Carol, a bulimia da fome ajudou a menina a superar a falta de tempero de comida, mas a fome mesmo só foi sentida por causa da bulimia, pois comida nunca faltou, e isso se agradece a quem um dia já passou fome e tenteou fazer mudança. Já dizia a avó Raimunda: "a dô da fomi mermo rocê nunca sintiu. Podi até num tê tido mistura, mas fome mermo rocê nunca passô". Essa foi a frase escutada por Cafusa depois de grande.
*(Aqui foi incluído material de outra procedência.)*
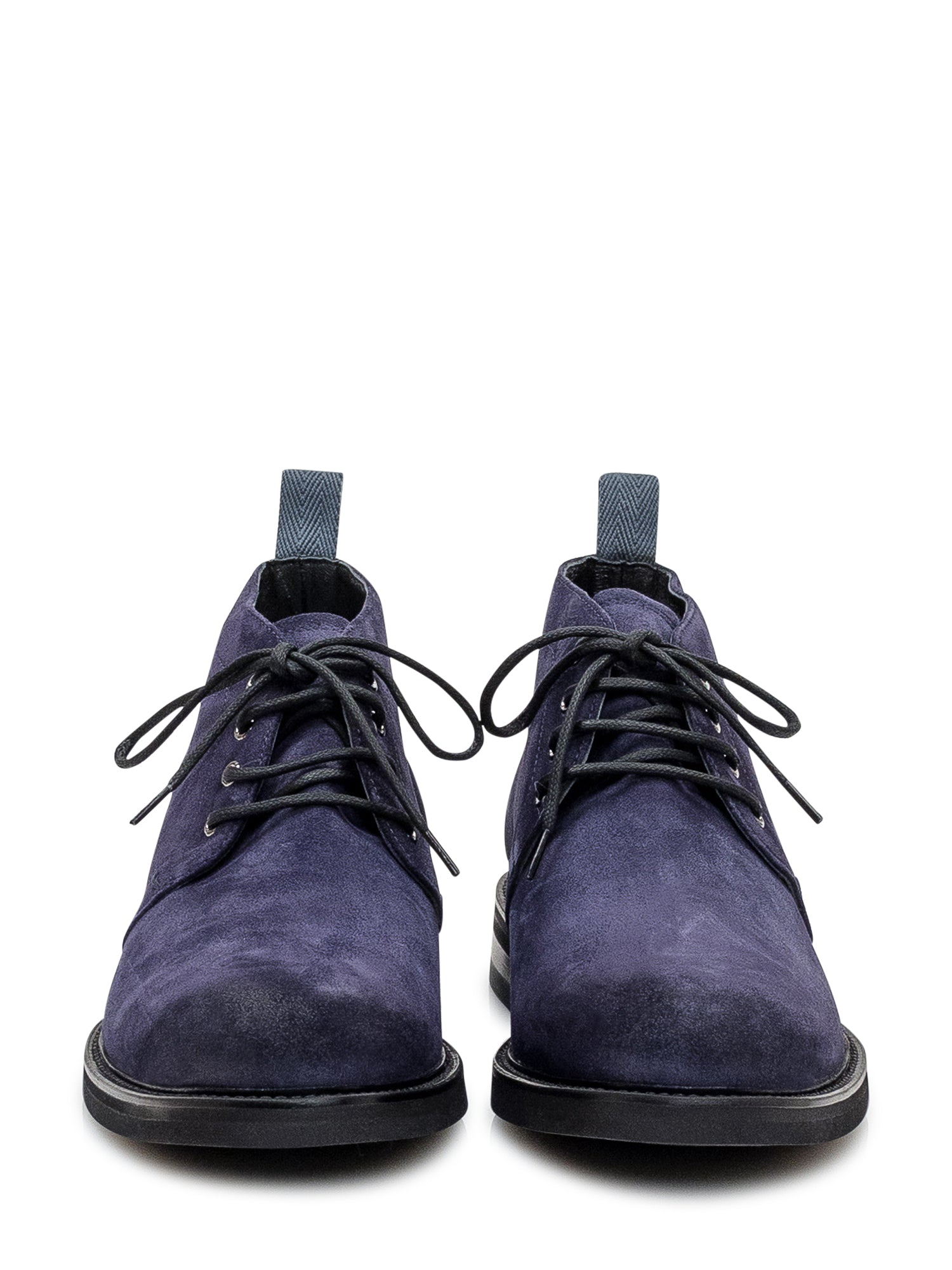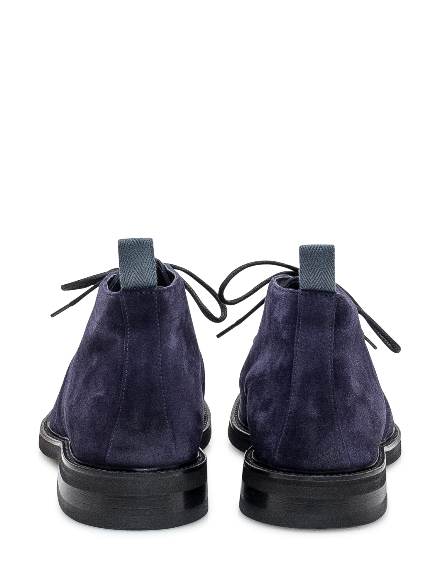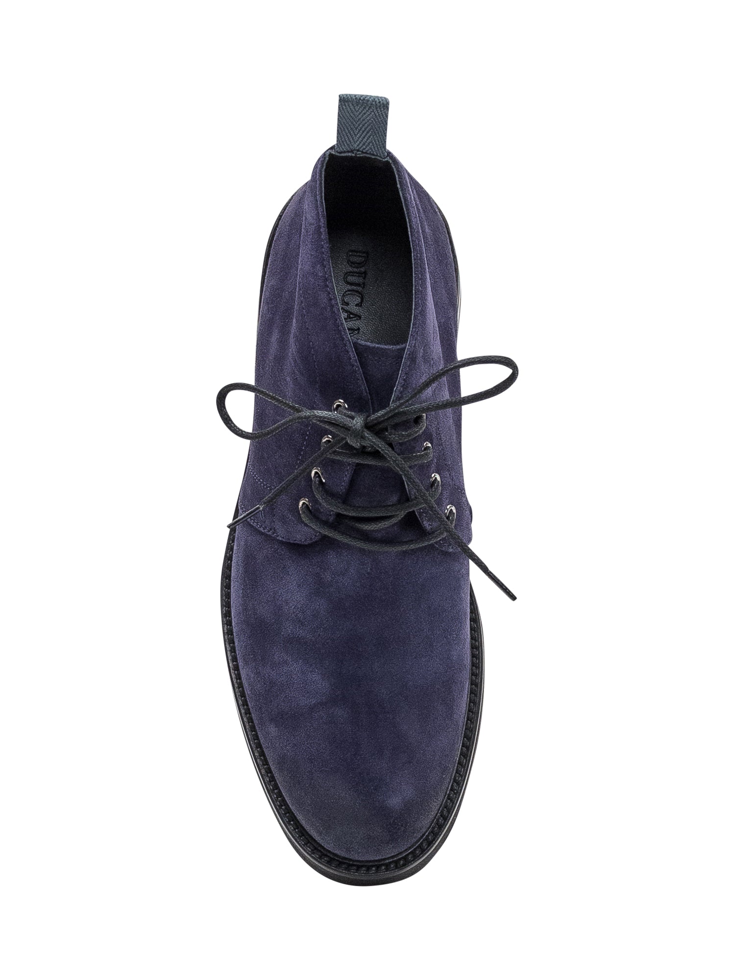 Duca Nero blue suede desert boots with lace-up closure and leather sole with rubber insert.
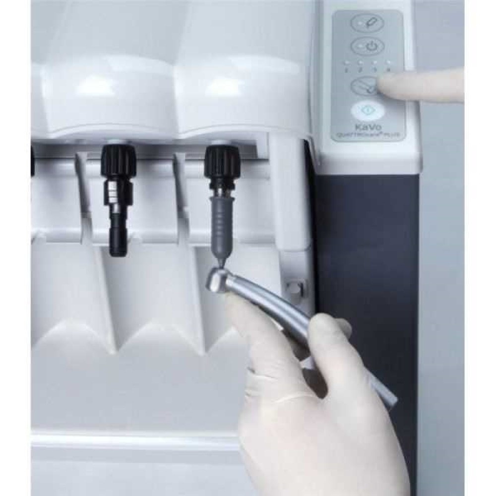 KaVo QUATTROcare Plus 2124A - программно-управляемый прибор для чистки и смазки турбинных, угловых наконечников, а также головок к наконечникам. Прибор дополнительно подключается к источнику сжатого воздуха для дополнительной продувки спрей каналов и удаления излишков масла.
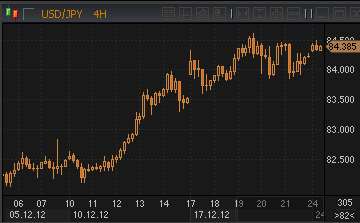 На ранних предпраздничных торгах в понедельник иена дешевеет против большинства основных валют после заявления японского премьера Шинзо Абе о том, что он подумает о внесении изменений в закон, регулирующий деятельность Банка Японии, если в следующем месяце последний не повысит инфляционную цель до 2%. Доллар/иена продолжает торговаться в области 20-месячных максимумов, несмотря на сокращение спекулянтами объема коротких позиций по японской валюте, а евро/доллар остается в подавленном настроении в ожидании падения США с «фискального обрыва». «Думаю, что со временем иена серьезно подешевеет», - отмечает Тодд Элмер, глава валютной стратегии G10 Citigroup в Сингапуре. - «Что касается среднесрочной перспективы, то мы ожидаем уверенного роста доллара/иены в область Y85-90, если не выше». Источник: ProFinance.Ru - Новости рынка Forex

Ela lembrou-se que por muito tempo culpou a fome por sua bulimia, mas bulimia é apenas um termo pra nomear uma realidade vivenciada por um tipo de lavagem cerebral alienatória feita na mente das pessoas desde que começam a escutá-la, assisti-la e vivenciá-la na pele. Sendo repetida diversas e diversas vezes até você sequer saber o significado de existência. "Viva pra ser o que é cobiçado! Viva pra ser embranquecida!". E quando se percebeu que aquela realidade não se encaixaria jamais fora de seus transes, Cafusa simplesmente acordou. O espelho a sorriu e abraçou: bem vinda a sobriedade, Cafusa!

- Carolina, já conheci um pouco de você, agora você conhece um pouco de mim também!

PS: Você inspira minha alma, Carolina Maria de Jesus!